Korkularının üstüne aynı evde yaşadığı ablasının evli bir adamla olan ilişkisi de eklenince Carole delilik sınırına yanaşıyor. Zaten pasif bir yapısı olan Carole, belki de dünyada bağlandığı tek insan olan ablasını da cinsellik nedeniyle bir adama kaptırdığını düşünmeye başlıyor, adamın eşyalarına dahi tahammülü yok. (Zaten bu eşyalardan biri olan usturanın, Sudaki Bıçak filmindeki gibi bir iktidar metaforu olduğuna inanıyorum). Ablasıyla evli adamın beraber İtalya tatiline çıkmalarından sonra yalnız kalan Carole kontrolünü iyice kaybediyor. Çalıştığı yerde hayaller alemine daldıktan ve bu nedenle bir kadının parmağını kestikten sonra manikürcü ile evi arasındaki gidiş gelişleri de son bulan Carole, bütün zamanını evde geçirirmeye başlıyor. Bu evde bekleyiş sırasında dışarıda kalan et ve patatesler gibi kendi aklı da çürümeye başlıyor. Duvarlarda oluşan çatlaklar gittikçe derinleşirken, Carole de insanlar ile ilişki kurmaktan iyice korkar hale geliyor ve filmin başından beri kendisine ilgi duyan Colin'i ve kirayı almaya gelen ev sahibini öldürüyor. (Burada Colin'in Carole'e karşı temiz duygular beslediğini; ancak ev sahibinin aynı masumlukta olmadığını belirtelim). Öldürme vakaları da onun korkularını gittikçe artırıyor, öyle ki artık bütün duvarlar kendisine saldıran ellerden oluşmaktadır.

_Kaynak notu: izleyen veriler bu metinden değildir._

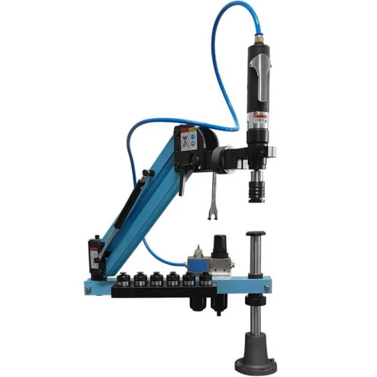 Gwintownica pneumatyczna na ramieniu pantografowym, wyposażona w głowicę obrotową. Narzędzie przeznaczone jest do profesjonalnych zastosowań. Ramię doskonale równoważy masę i stabilizuje pionowe położenie gwintownicy.

İlk filmi Sudaki Bıçak (Knife on the Water) ile adını duyurmayı başaran Roman Polanski'nin, bu filminde de oldukça başarılı bir iş çıkardığını görmekteyiz. Filmi özel kılan detaylardan biri de sahneleri birbirine çok iyi bağlayan ve Carole'ün yaşadığı rahatsızlığı bize çok iyi aktaran ses düzeni. Kendisi teknik açıdan en kötü filmi olduğunu iddia etse de, görüntü kalitesinin de üzt düzey olduğunu söyleyelim. 60'ların gözde film mekanı olan İngiltere'nin o dönemki durumunu ve dönemin süper yıldızlarından Catherine Deneuve'ü de görmek istiyorsanız, bu filmi kaçırmayın derim.